"Jack, don't you understand? I could have taken it lightly once; I always used to. I can't take it lightly now. I cannot have him come here—the first to see us in this solitude à deux, the most intimate, the most awful—"
"Of course, of course," murmured Jack. "It is awful, I admit it, for you. But it always will be. Ours is a double solitude for life, with the world always eying us askance, scoring us, or secretly envying us, or merely wondering coarsely about us. It takes tremendous courage in a woman; but you will have the courage of your honesty, your surpassing generosity to me."

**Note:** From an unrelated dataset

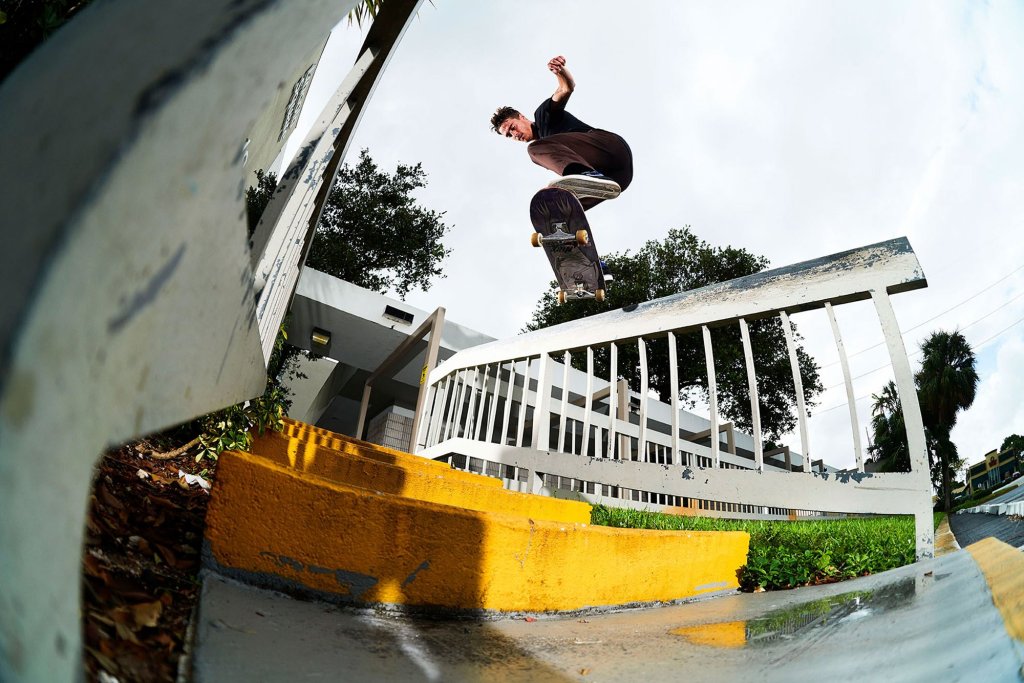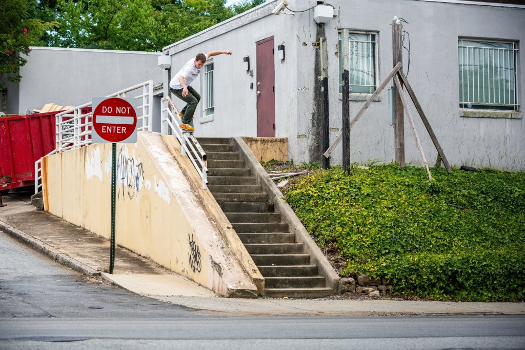 This section is capped off with an appearance from Toy Machine’s Blake Carpenter. Pulling out sick moves like a car towed FS Heelflip over a massive driveway, he spends his short stint on screen floating beautiful ollies, as well as some more technical tricks, over bump to bars. He caps it off with a SWITCH BACK 360 over a bump to bar.

"Generosity!" Esmée repeated. "We shall see. I give myself just five years of this 'generosity.' After that, the beginning of the end. I shall have to eliminate myself from the problem, to be finally generous. But five years is a good while," she whispered, "to dare to love my love in, if my love loves me."
There could be no doubt of this as yet. Esmée could afford to toy sentimentally with the thought of future despair and final self-elimination.
"Come, come," said Waring; "this will never do; we must get some fresh air on this." He knocked the ashes out of his pipe, pocketed it, and marched into an inner room whence he fetched a warm, loose cloak and a pair of carriage boots.
"Fresh air and exercise!"
Esmée, seeing there was to be no escape from Jack's favorite specific for every earthly ill, put out her foot, in its foolish little slipper, and Jack drew on the fur-lined boots, and laced them around the silken ankles.
He followed her out into the snow-walled fosse, and fell into step beside her.
"May I smoke?"
"What affectation! As if you didn't always smoke."